| Directions |
Lines from the one containing "Maureen Selenite Rough" through the end of the material are to be retyped exactly; do not copy pictures.

| Available data |
|---|
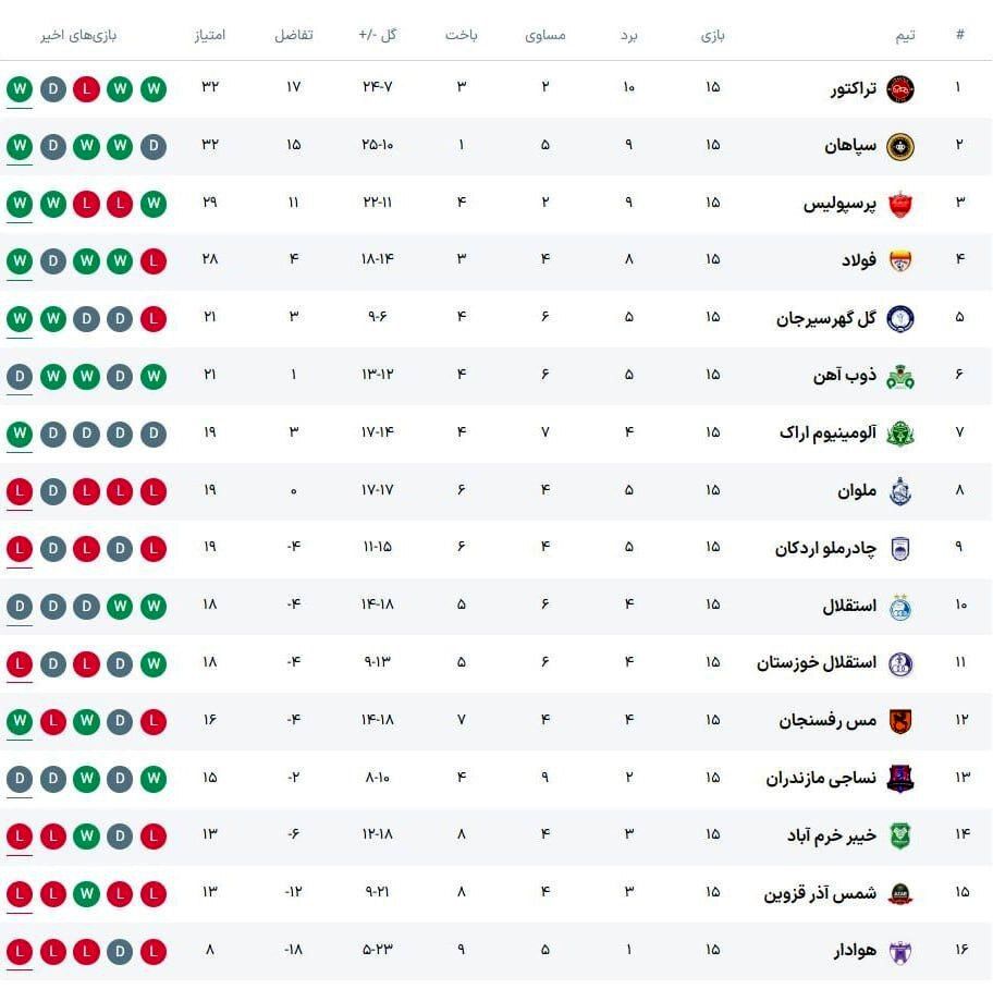 هفته پانزدهم رقابت های لیگ برتر امروز به پایان رسید و استقلال مقابل سپاهان به تساوی یک بر یک دست یافت تا تراکتور با ۳۲ امتیاز و تفاضل گل بهتر از سپاهان قهرمان نیم فصل شود.
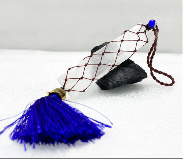 Maureen Selenite Rough Chunks with Evil Eye Blue Tassels Vastu Door Hanging for Home
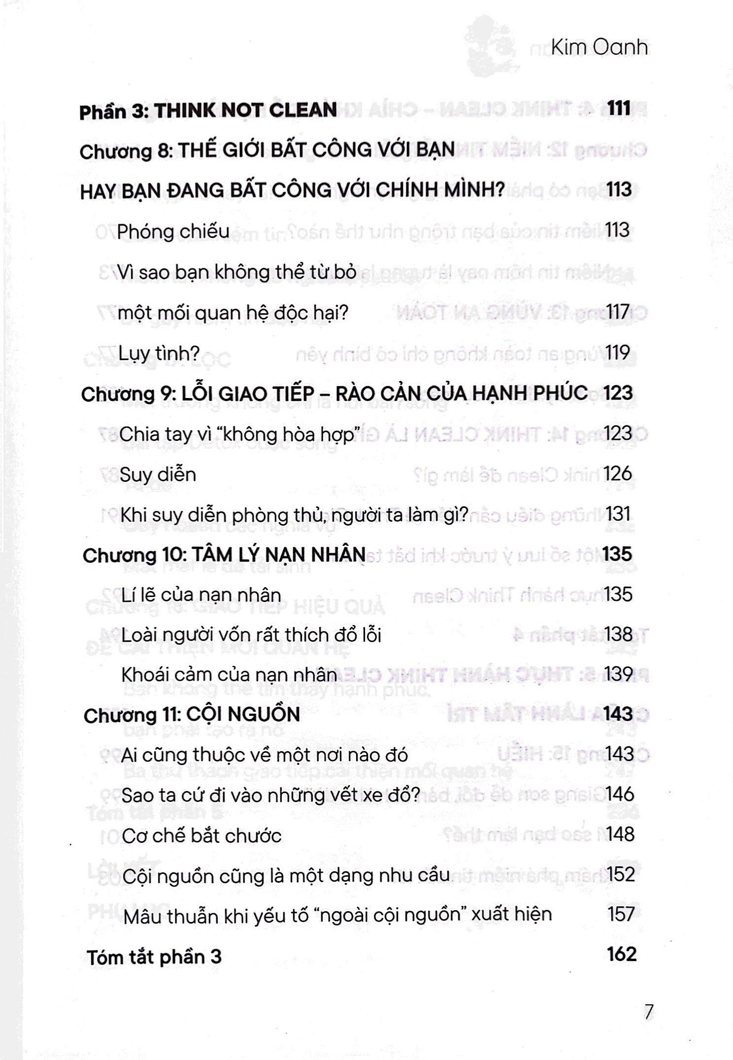 “Think Clean là một ý tưởng, cũng là một phương pháp luyện tập tâm trí do tôi – Kim Oanh tin tưởng và xây dựng dựa vào quan điểm rằng: Phần lớn các khó khăn về mặt tâm lý của con người đều xuất phát từ cách chúng ta nhìn nhận và đánh giá về chính bản thân m.ình. Khi bạn có một cái nhìn lành mạnh về bản thân, bạn sẽ nhờ đó mà có một cái nhìn khách quan và lành mạnh hơn về thế giới (bao gồm những người xung quanh bạn, những mối quan hệ bạn sở hữu, những sự việc, hiện tượng diễn ra trong đời sống của bạn ở quá khứ, hiện tại, lẫn tương lai).
|---|
| Task result |
 Maureen Selenite Rough Chunks with Evil Eye Blue Tassels Vastu Door Hanging for Home
 “Think Clean là một ý tưởng, cũng là một phương pháp luyện tập tâm trí do tôi – Kim Oanh tin tưởng và xây dựng dựa vào quan điểm rằng: Phần lớn các khó khăn về mặt tâm lý của con người đều xuất phát từ cách chúng ta nhìn nhận và đánh giá về chính bản thân m.ình. Khi bạn có một cái nhìn lành mạnh về bản thân, bạn sẽ nhờ đó mà có một cái nhìn khách quan và lành mạnh hơn về thế giới (bao gồm những người xung quanh bạn, những mối quan hệ bạn sở hữu, những sự việc, hiện tượng diễn ra trong đời sống của bạn ở quá khứ, hiện tại, lẫn tương lai).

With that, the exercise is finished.